This letter points out an important potential artifact when using immunolabeling techniques with confocal microscopy to identify autophagosomes. Our laboratory has been investigating autophagy induced by varicella-zoster virus (VZV), a human herpesvirus. Although closely related to herpes simplex virus type 1 (HSV-1), VZV lacks the inhibitors of autophagy harbored within the HSV genome (1), (2), (3). Therefore, autophagy is abundant after VZV infection (4), (5), (6). Many of our studies have relied upon autophagosome quantitation to gauge the level of autophagy under varying conditions of infection (7). For these assays, we have enumerated autophagosomes (puncta) in the cytoplasm after immunolabeling with commercial LC3 antibody reagents (7). Depending on the conditions, we occasionally noticed what appeared to be puncta in the nuclei of the infected cells.
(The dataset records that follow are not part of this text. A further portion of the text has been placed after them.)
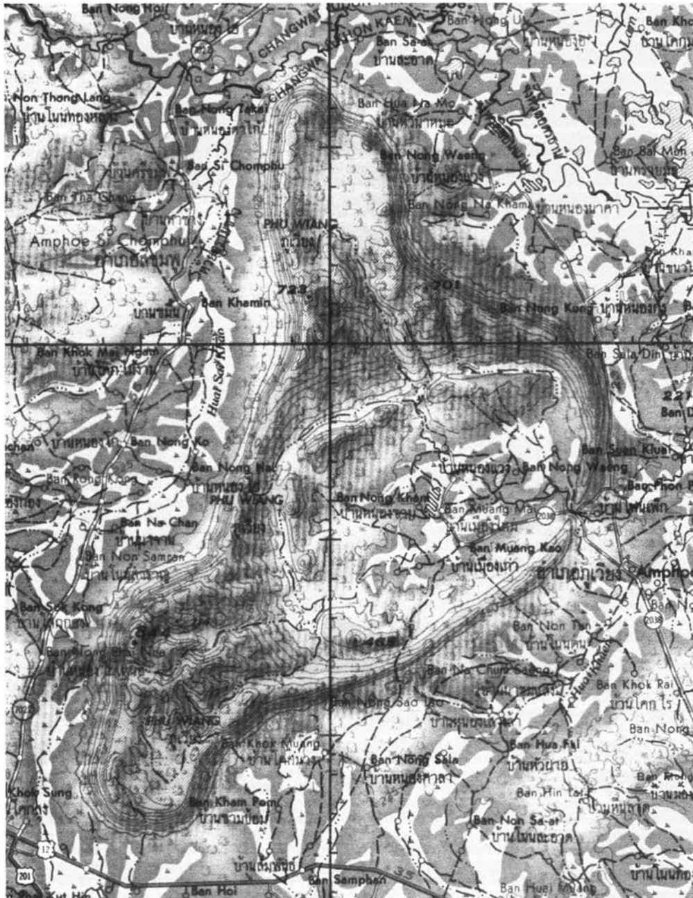
Figure 1.2 The topography of the Phu Wiang area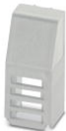
Component housing, color: gray

Please be informed that the data shown in this PDF Document is generated from our Online Catalog. Please find the complete data in the user's documentation. Our General Terms of Use for Downloads are valid ( http://phoenixcontact.com/download )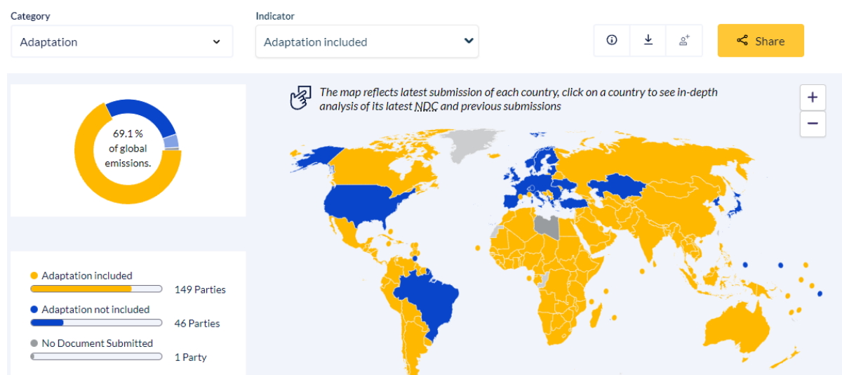
Figure 2: Adaptation inclusion in the revised NDCs (WRI, 2021)

for many countries. Analysis of the policy documents for West Africa on the key sectors of energy, agriculture, water resources, health, forestry, infrastructure, and education showed leanings towards community resilience, disaster risk management, institutional development, and industry development. This analysis highlights the question on the extent to which sector policies support the implementation of the adaptation policies. These need to be unpacked to ascertain policy preparedness by African countries in the implementation of adaptation practices at the sector and local levels.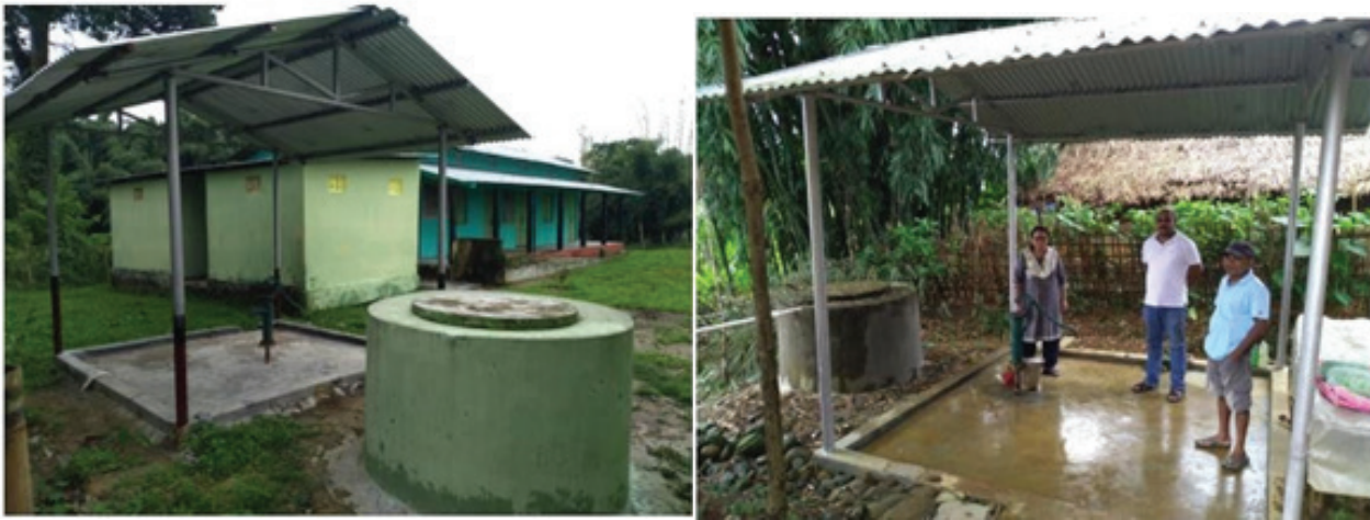
Construction of Dug wells for the people to access clean and safe water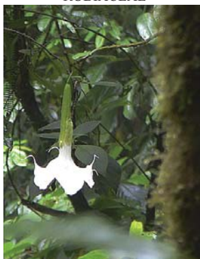
116 Brugmansia candida SOLANACEAE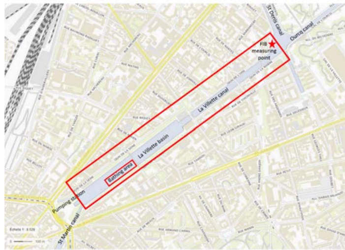
Figure 1 - Study area (map Geoportail). The red star indicates the location of water sampling for BIF measurements

precipitation, solar radiation, wind velocity and direction, nebulosity) were measured at the Météo France station of Orly airport. During 2017 summer, a bi-weekly monitoring of E.coli concentration was conducted at the upstream sampling station (Figure 1) by Mairie de Paris (Vanhalst, 2017).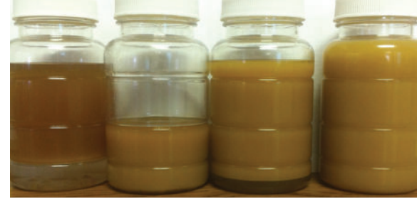
Figure 5: Simple field demulsibility tests can be very insightful in diagnosing the source of clarity problems within an oil sample

In watching NFL football, fans often celebrate the quarterback, running back or wide receiver, believing these stars of the game are the keys to winning. Just as important—and some may say even more important—are the offensive and defensive lines because without basic blocking and tackling, the stars can't do their jobs.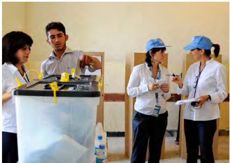
Voters exercise their constitutional right in Kurdistan region of Iraq. UN Photo/Rick Bajornas 2009

The women requested the UN support in several areas including political participation and enhancement of women’s decision making roles, engagement in peacebuilding, supporting the State Ministry of Women’s Affairs (SMOWA) and the establishment of the higher commission for women, and in the areas of protection and violence against women, technical support, capacity building, advocacy, and economic security.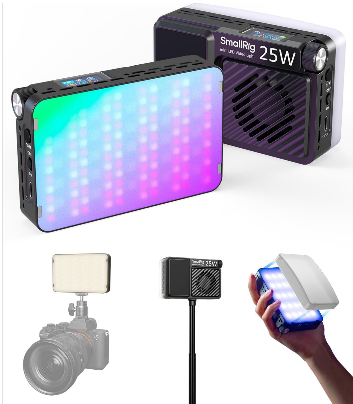
Image: The SmallRig RM 25C Mini LED RGB Video Light shown with its magnetic diffuser and examples of camera and stand mounting.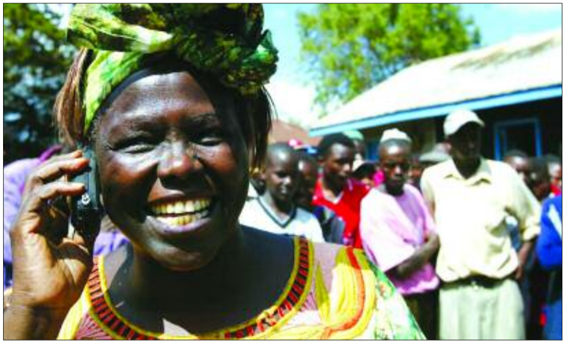
Environmental activist Wangari Maathai speaks on the phone as she is congratulated in Ihururu, Kenya, after she won the Nobel Peace Prize for her work as leader of the Green Belt.

WHEN we got independence, leaders failed to see the lifestyle the colonial administrators were living was exploitative, undemocratic and brought conflicts. In many African countries we talk of the change of guards. But there was not a change of thinking. We changed guards and continued with the lifestyle. That lifestyle can only survive if you don't have democratic governance and if you don't share resources equitably. Quite often what happens is that those in power get in business with outsiders and benefit at the expense of the majority.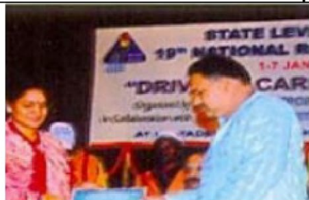
Road Safety Appreciation- 2008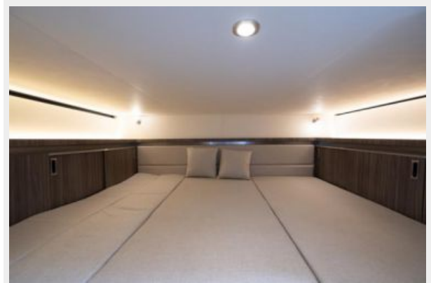
Mid-berth view 2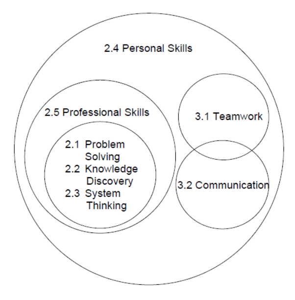
Figure 4. Venn diagram of Professional, Personal and Interpersonal Skills (Crawley, 2001)

It can be said that while personal and interpersonal skills are of a general nature, they are closely-tied with professional skills, which include professional behaviour at work and professional integrity codes by the industry. Professional skills, on the other hand, are tied up with technical skills and knowledge of a specific discipline or industry. This interrelated relationship may be best described schematically in the Venn diagram in Figure 4 below: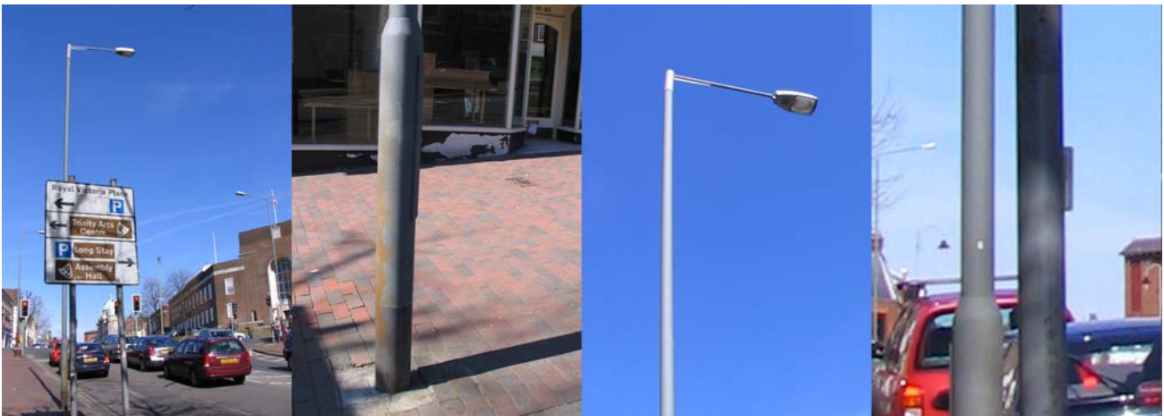
26 / Mt. Pleasant

In two recent autophagy articles (8), (9), other investigators had identified LC3-positive puncta in the nuclei of their stressed cells. They have implied that these LC3-positive puncta may be related to autophagy. Based on our extensive observations investigating VZV-induced autophagy, we postulate that these nuclear puncta are not related to autophagosome production, but instead are related to the antibody reagent and other experimental conditions under which the microscopy experiment is carried out.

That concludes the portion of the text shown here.